I think of it as a blend of technique, move repertoire, partner connection, and musicality. These all exist on a spectrum individually and interact with one another to make up some composite “skill level.” There are no hard and fast delineations, but often repertoire is used as a surrogate because it is probably the most easily measured.

User SmokyBG

Intermediate – when you can skip a lesson and not feel frustrated at the next one

Advanced – when you can skip a year of lessons and still feel at ease at the next one

User Riffler

Confidence has a lot to do with it. It’s noticeable how difficult it can be to get a beginning lead to actually put his hands on his partner properly. I’ve danced (I’m a lead) with complete beginners and intermediates and seen their eyes light up within seconds of me holding them because they recognise that they’re dancing with someone who knows what he’s doing – it’s that obvious even to beginners, that quickly.

Don’t be hesitant.

User digitalsmear 

Dropping the heel on the backside of the count (2/5 for leaders, 6/1 for follows – On2/On1) is something basically every beginner does.

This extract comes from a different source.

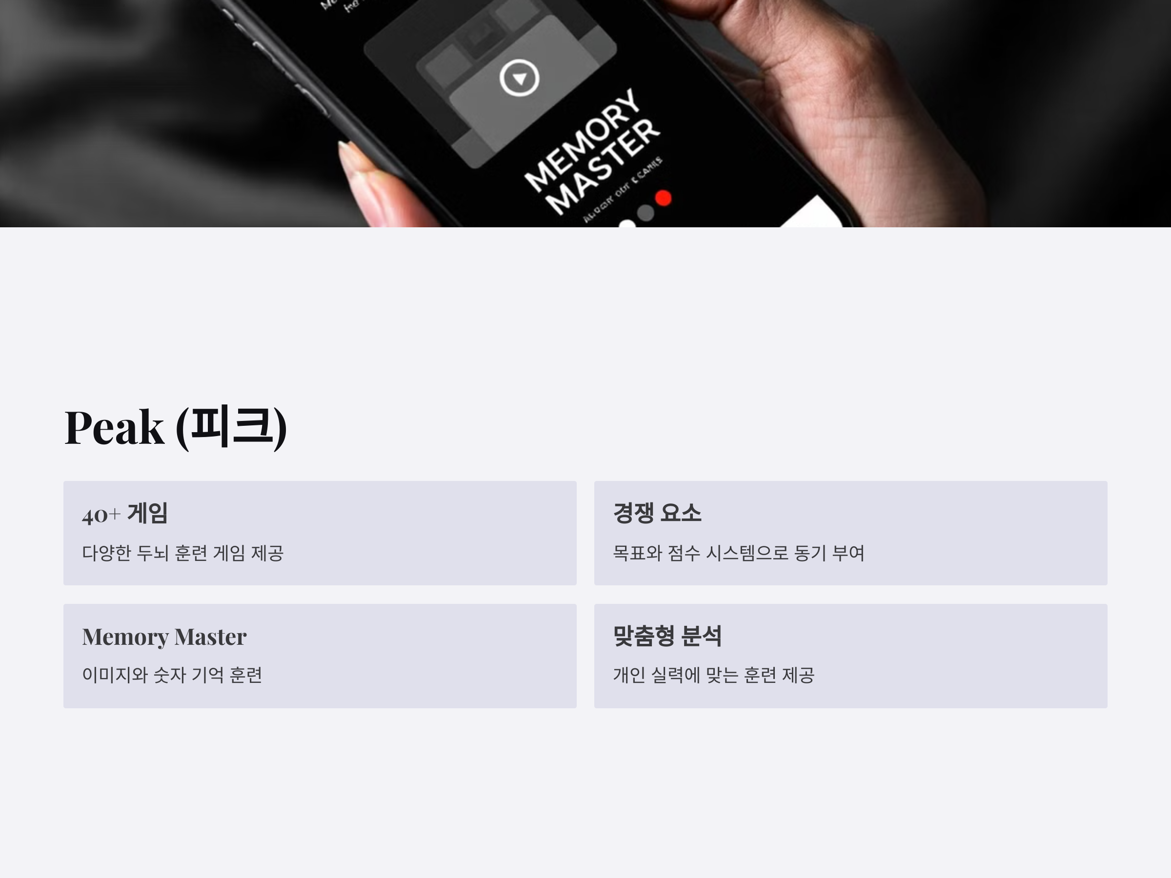 Peak은 Lumosity와 비슷한 방식으로 두뇌 훈련을 제공합니다. 이 앱은 40개 이상의 다양한 게임을 제공하며, 그 중에서도 기억력과 집중력을 향상시킬 수 있는 게임들이 포함되어 있습니다. 특히 각 게임마다 목표와 점수 시스템이 있어, 자극적인 경쟁 요소를 제공합니다. "Memory Master"라는 게임은 특히 기억력을 자극하는 데 탁월한 게임으로, 다양한 이미지와 숫자를 기억하는 훈련을 통해 뇌의 기억력을 증진시킬 수 있습니다.

Once people stop dropping the heel, then they have to learn to actually and immediately project out of the step.

User RProgrammerMan   

My internal classification after doing a year of salsa dancing goes like this:

Beginner: Still learning to step on beat. May only know a couple moves. Tough to dance with and occasionally the dance will end up being a train wreck (we all start somewhere). If they are the follow they can be fun to dance with since they are easily impressed.

Intermediate: Consistently on beat the whole so g. Knows most or all of the basic salsa moves or at least has a core set of moves they can rely on. Has enough experience to dance with all levels competently. Starting to chain together one or two moves at a time.

Advanced: Staying on beat is second nature. Not only do they know all the basic moves but they are able to chain them together to create complex combinations. I see an intermediate dancer as someone who has the fundamentals down but an advanced dancer has that plus a large catalog of moves to draw from, including more difficult combinations. They also have great technique making them easy to lead/follow.

User aajiro 

A beginner is someone who thinks of themselves as intermediate.

An intermediate is someone who thinks of themselves as beginner.

Advanced think of themselves as starting to get good as beginners.